TASK ITEM |
Restate word for word the lines of the listing below, from its first line through the line with "- Integrated patent-pending", without the pictures.
[DATA FOR REVIEW — start]
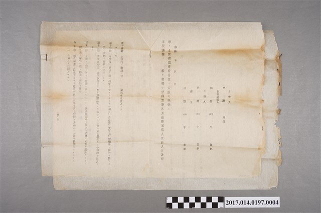 1. 本件為高雄州仁武區長孫龍水寄給施性垣之書信附件之二,標題為「土地小作契約書」,為昭和年間使用之畑田(旱田)租賃契約書範本,日文文字薄紙印刷。契約共有2張,第1張為1-9條款,第2張為第9-14條款與立約人、見證人等簽章處。
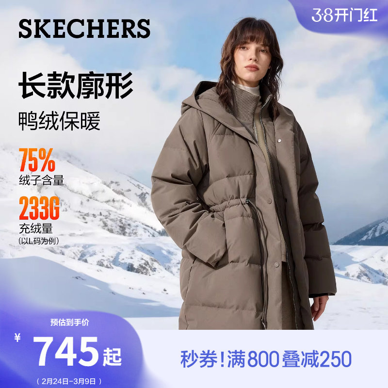 斯凯奇中长款羽绒服厚外套女冬季防风防泼水保暖收腰大衣时尚舒适
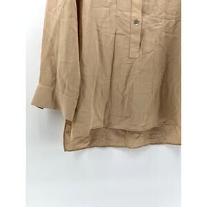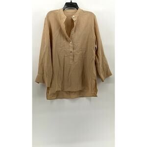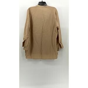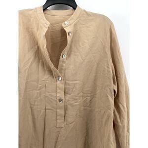 UNBRANDED Women's Beige Mandarin Collar Long Sleeve Side-Slit Tunic Top SZ L
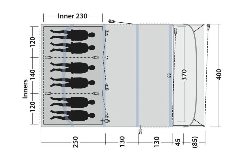 - Integrated patent-pending Outwell Light System provides elegant, effective lighting inside tent (powered via USB-C, power source not included)
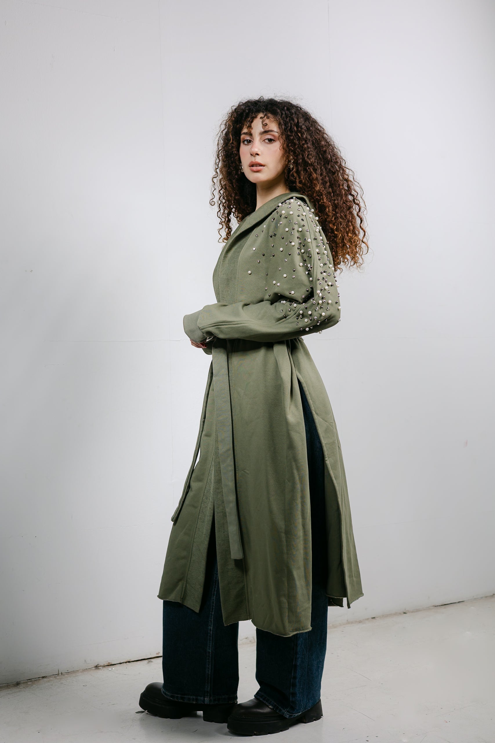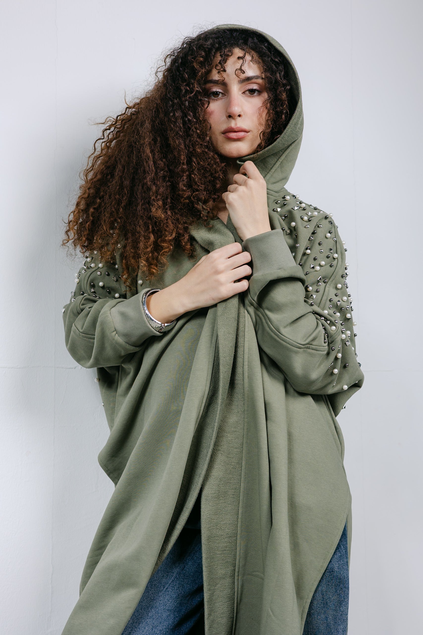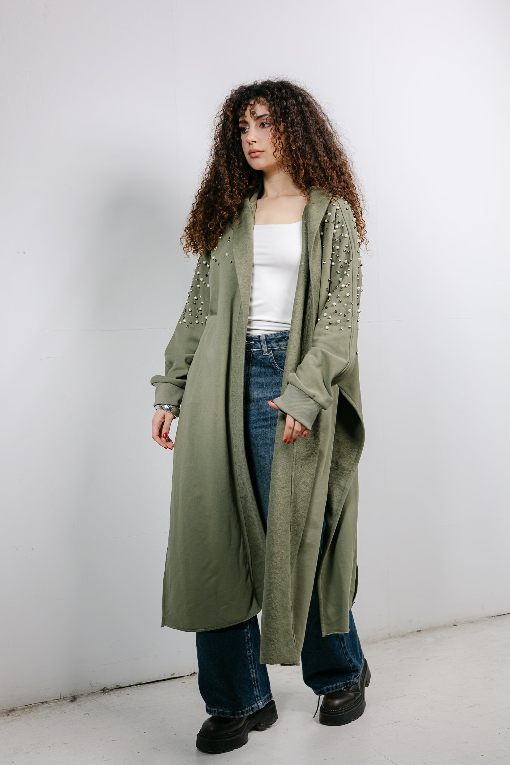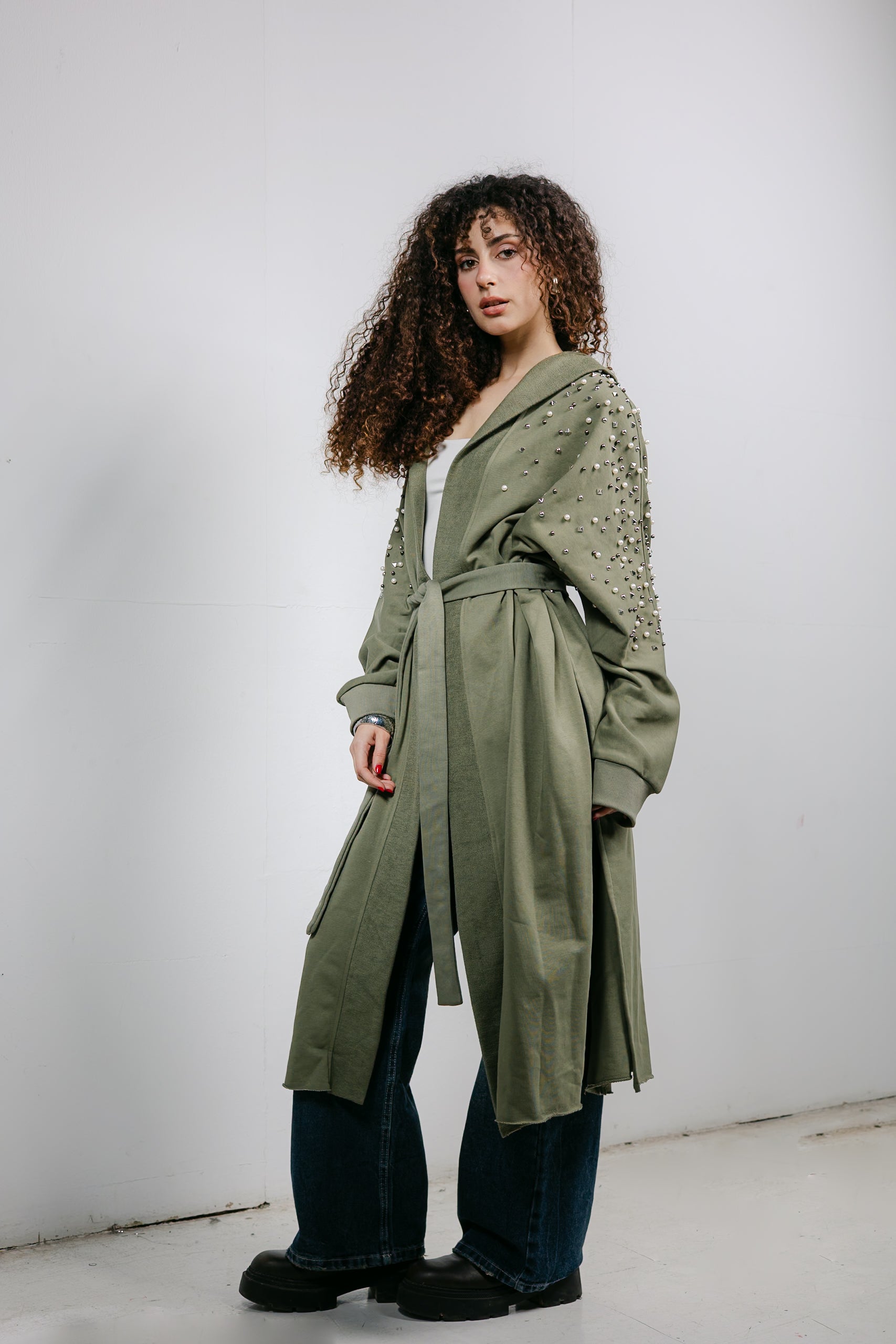 The ultimate elegant styling. This cardigan is trimmed with beautiful pearl and studded details along the shoulders, offering a classic, feminine look that pairs perfectly with denim or skirts.
[DATA FOR REVIEW — finish]
ANSWER TO THIS PROBLEM |
 1. 本件為高雄州仁武區長孫龍水寄給施性垣之書信附件之二,標題為「土地小作契約書」,為昭和年間使用之畑田(旱田)租賃契約書範本,日文文字薄紙印刷。契約共有2張,第1張為1-9條款,第2張為第9-14條款與立約人、見證人等簽章處。
 斯凯奇中长款羽绒服厚外套女冬季防风防泼水保暖收腰大衣时尚舒适
 UNBRANDED Women's Beige Mandarin Collar Long Sleeve Side-Slit Tunic Top SZ L
 - Integrated patent-pending Outwell Light System provides elegant, effective lighting inside tent (powered via USB-C, power source not included)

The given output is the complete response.